Not having control made me feel crazy. I had two kids at the time to take care of, and I just got up everyday and did what I needed to do to take care of them. I tried to ignore my “thing” day after day, but it wouldn’t go away. I went to my doctor and got on medicine to help me. I am so glad I did, my life was starting to feel somewhat normal. I could start to deal with the grief once I knew I wasn’t going to die from my physical symptoms.
I never really went to the heavenly doctor though about my healing that needed to happen. Why?
I was mad.
I was depressed.
Depression is not something you can “just get over”. No, it is something you need to seek help for. I remember asking God “what is going on with me?”, and I felt like there was no answer. The problem here was that I was asking God why did he do this to me, instead of asking Him to help me through it.

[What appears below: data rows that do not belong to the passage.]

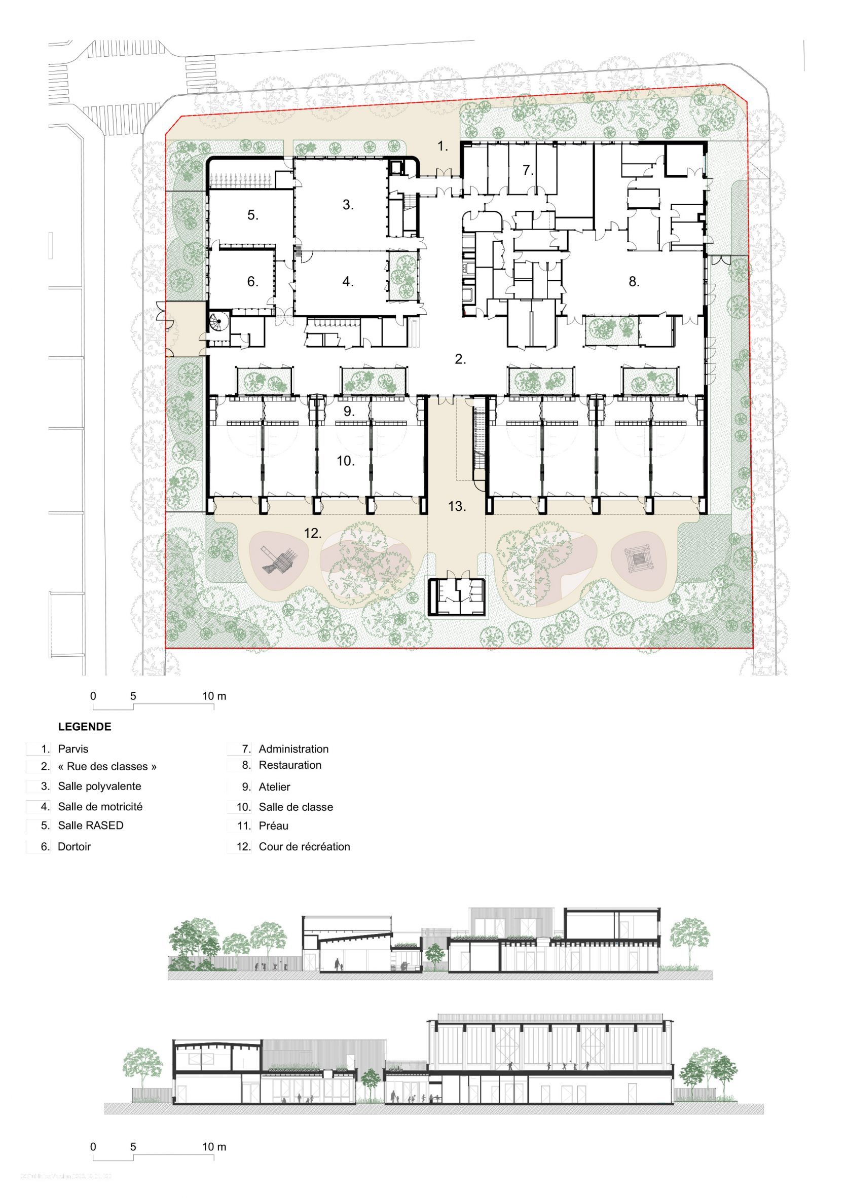 Учитывая меньшие размеры соседних жилых домов, школа Groupe Scolaire Simone Veil занимает преимущественно одноэтажное здание. На небольшом первом этаже расположены спортивная площадка и помещение для школьного смотрителя. В центре школьного здания две оси образуют крест: вытянутый вестибюль с севера на юг и «учебная улица», соединяющая учебные помещения с востока на запад.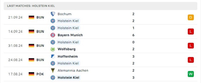 Là một tân binh vừa mới lên hạng Holstein Kiel đang cho thấy việc gặp rất nhiều khó khăn, thật vậy khi họ chỉ mới có được vỏn vẹn 1 điểm qua 4 vòng đấu của mình và đang phải xếp ở vị trí cuối bảng xếp hạng. Bên kia sân với Eintracht Frankfurt họ lại đang có được những thành công của mình khi nằm trong top 4 dẫn đầu giải đấu mùa này, Eintracht Frankfurt đã có cho mình được 3 trận thắng và mới chỉ để thua 1 qua 4 vòng đấu. Tuy nhiên có thể hàng công của họ ở mùa giải không mạnh khi mới chỉ ghi được 7 thằng từ đầu mùa giải tới nay.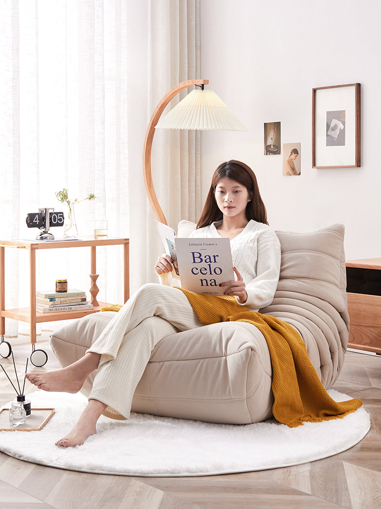 高反発ウレタンプリーツシングルソファは、快適さとスタイルを兼ね備えたデザインが特徴です。高密度の高反発ウレタンと真綿を使用し、長時間座ってもへたりにくい構造です。ドラロン綿とシリコーンレザーを表面に採用し、柔らかく肌触りが良いです。防水・防傷加工が施されており、お手入れが簡単です。6層のプリーツデザインがナチュラルで洗練された印象を与え、S字型のカーブが体の曲線にフィットします。サイズは102cm x 110cm x 72cmで、座面の高さは36cmです。リビングルームや寝室に最適で、シンプルながらもエレガントな雰囲気を演出します。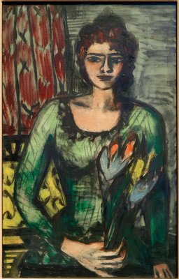Portret van Quappi (Beckmanns tweede vrouw Mathilde) met groene trui(Portrait of Quappi (Beckmann's second wife Mathilde) with green sweater)Max Beckmann |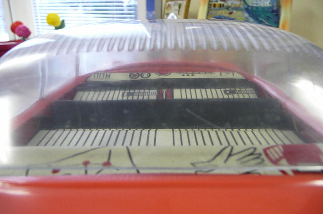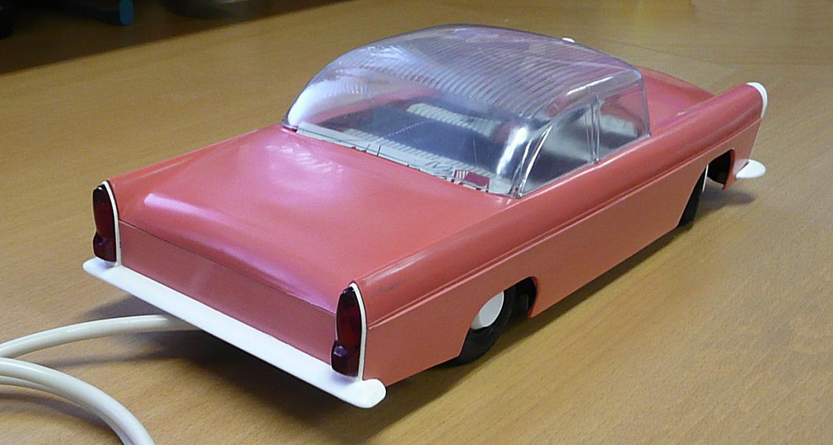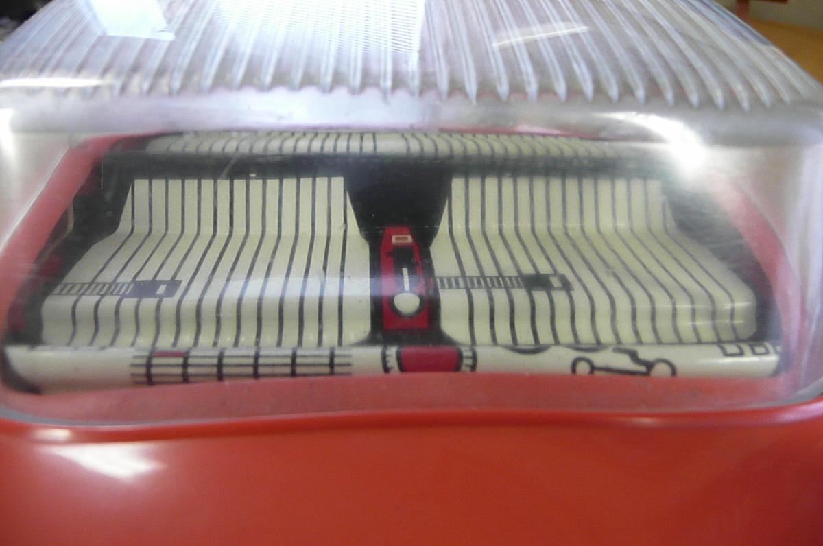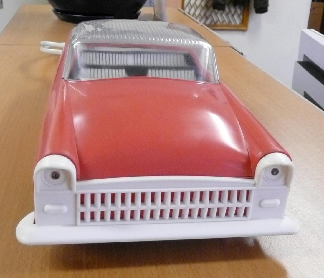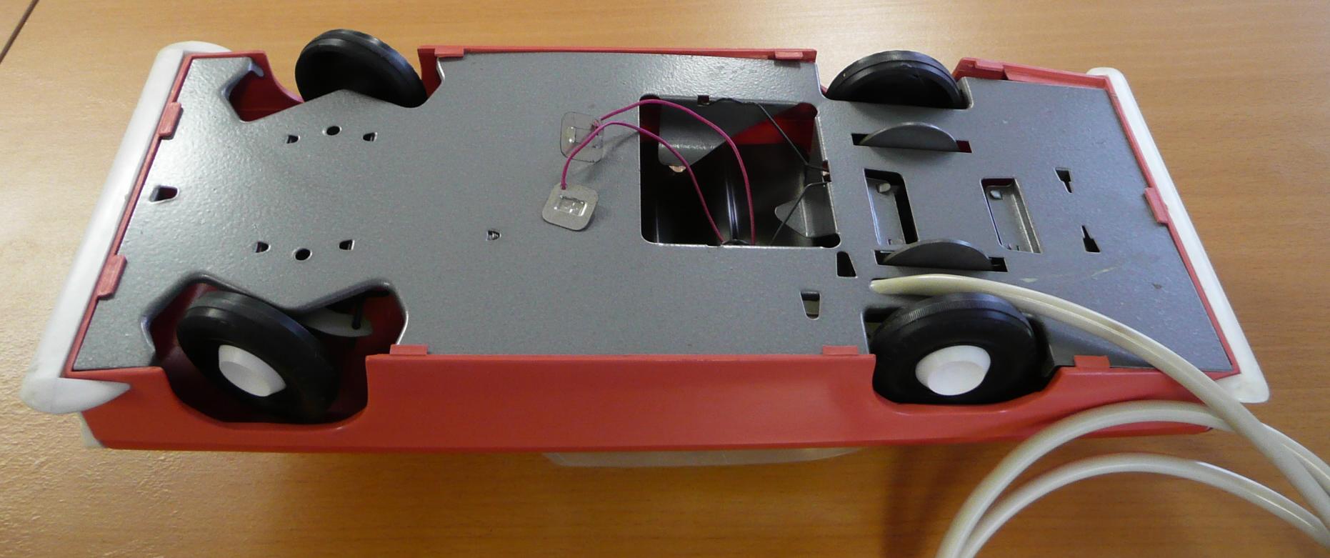 Na bowden. Shodnou ovládací rukojeť jsem nalezl před mnoha lety (více než 20) a použil ji k autobusu Škoda RTO, který měl tehdy ne příliš šikovný ovladač (poškozený) s pouhou páčkou na řízení (viz sekce autobus RTO, 1. verze bez volantu). Za pozornost stojí použitý třecí převod na hřídelku kol. Nečistoty mu zřejmě tolik nevadí jako ozubenému soukolí a navíc může sloužit jako spojka a chránit tak motorek a baterie před přetěžováním (třeba když auto narazí na překážku a motor zůstane pod napětím = zkrat přes kotvu). Vyzkoušíme. Překvapivě jednoduché a spolehlivé i po letech je rozebrání vozu - stačí jen rukou odtlačit karoserii od plechového podvozku... Za identifikaci názvu i výrobce děkujeme Astrid B. z Německa.

I felt like I was all alone.
In the devotion 40 Days To Lasting Change the question from God becomes “Where are you?” Do you try to avoid God like I did and instead run from him when you need help with your “thing”? Do you try to fix things on your own like Adam and Eve did in the Garden when they tried to find clothes and hid from God? What are you hiding from God? Is there a place where God is not invited to come intervene in your life?
I encourage you to dig that “thing” up and invite God to take it in his hands. Ask him to intervene. God wants us to talk to him, and communicate our feelings to him even if they aren’t pretty. He’s God, he can handle it.
When I finally told God I was mad at Him, He told me he already knew that, and it was okay, he understood. He waited on me. God knew me. God knows me. He knew my feelings, He told me they were okay, and I gave them to Him. Then and only then did my true healing start to take place. Healing that no medicine could give me. He gave me my joy back!
So the question is ” Where are you?” Hiding or seeking?